(Source records)
####

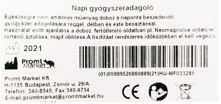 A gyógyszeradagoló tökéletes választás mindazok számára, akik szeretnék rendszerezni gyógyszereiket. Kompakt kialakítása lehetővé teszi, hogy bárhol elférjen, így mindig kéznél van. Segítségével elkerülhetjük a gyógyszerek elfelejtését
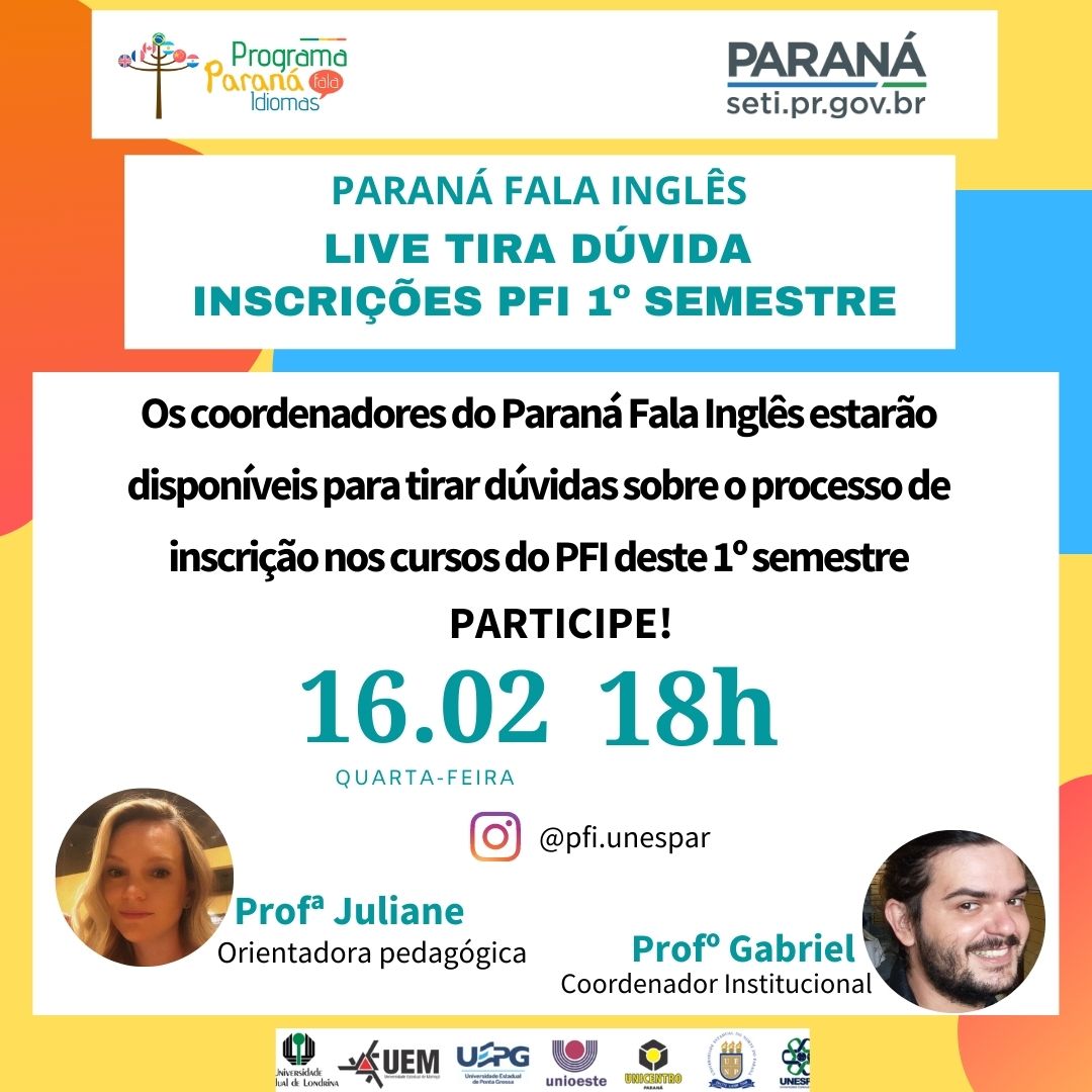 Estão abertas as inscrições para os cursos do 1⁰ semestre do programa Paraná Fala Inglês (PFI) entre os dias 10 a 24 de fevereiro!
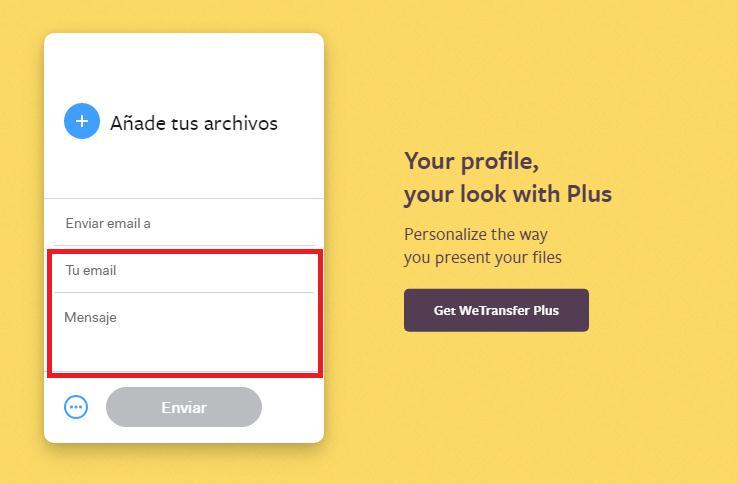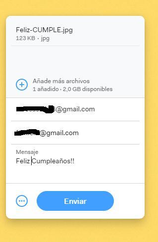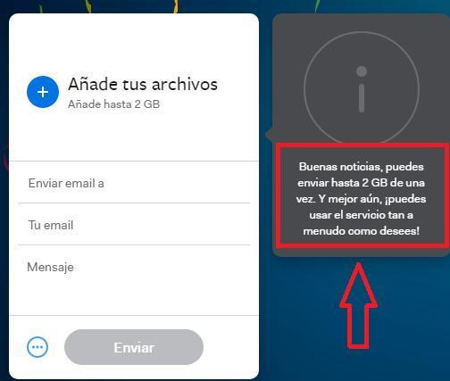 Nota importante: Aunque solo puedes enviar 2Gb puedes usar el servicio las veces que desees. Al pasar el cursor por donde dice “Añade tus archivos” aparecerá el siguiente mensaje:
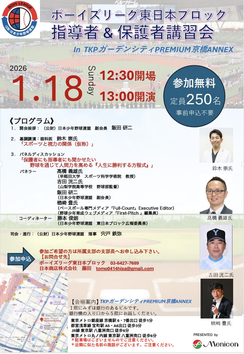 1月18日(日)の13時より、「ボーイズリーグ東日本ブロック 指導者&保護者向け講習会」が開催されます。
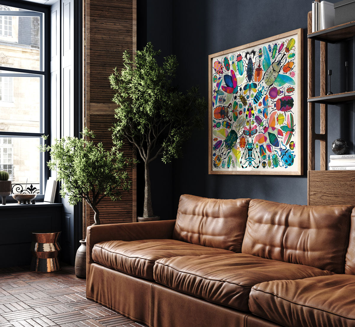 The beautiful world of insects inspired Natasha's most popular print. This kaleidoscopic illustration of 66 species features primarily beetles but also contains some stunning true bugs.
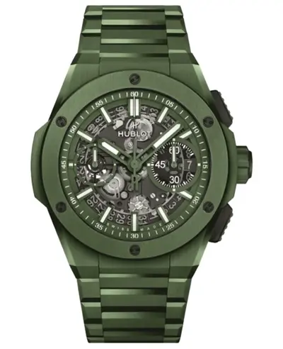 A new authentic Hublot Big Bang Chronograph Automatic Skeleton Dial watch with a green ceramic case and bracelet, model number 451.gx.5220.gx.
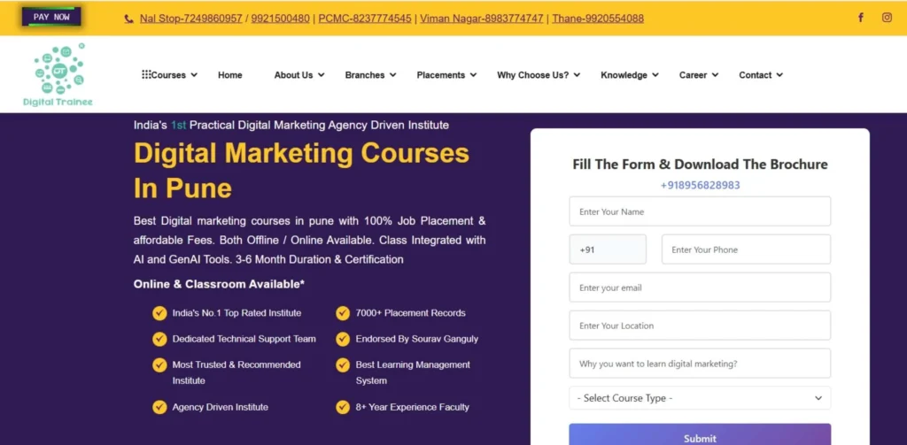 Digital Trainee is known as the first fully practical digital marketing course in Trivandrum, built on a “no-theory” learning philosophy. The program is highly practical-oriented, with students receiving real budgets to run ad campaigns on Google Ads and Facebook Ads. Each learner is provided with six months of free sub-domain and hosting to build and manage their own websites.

####

■ Instructions to follow:
Each line from the top of the records through the one containing "1月18日(日)の13時より" needs to be transcribed exactly, without pictures.

■ Answer space:
 A gyógyszeradagoló tökéletes választás mindazok számára, akik szeretnék rendszerezni gyógyszereiket. Kompakt kialakítása lehetővé teszi, hogy bárhol elférjen, így mindig kéznél van. Segítségével elkerülhetjük a gyógyszerek elfelejtését
 Estão abertas as inscrições para os cursos do 1⁰ semestre do programa Paraná Fala Inglês (PFI) entre os dias 10 a 24 de fevereiro!
 Nota importante: Aunque solo puedes enviar 2Gb puedes usar el servicio las veces que desees. Al pasar el cursor por donde dice “Añade tus archivos” aparecerá el siguiente mensaje:
 1月18日(日)の13時より、「ボーイズリーグ東日本ブロック 指導者&保護者向け講習会」が開催されます。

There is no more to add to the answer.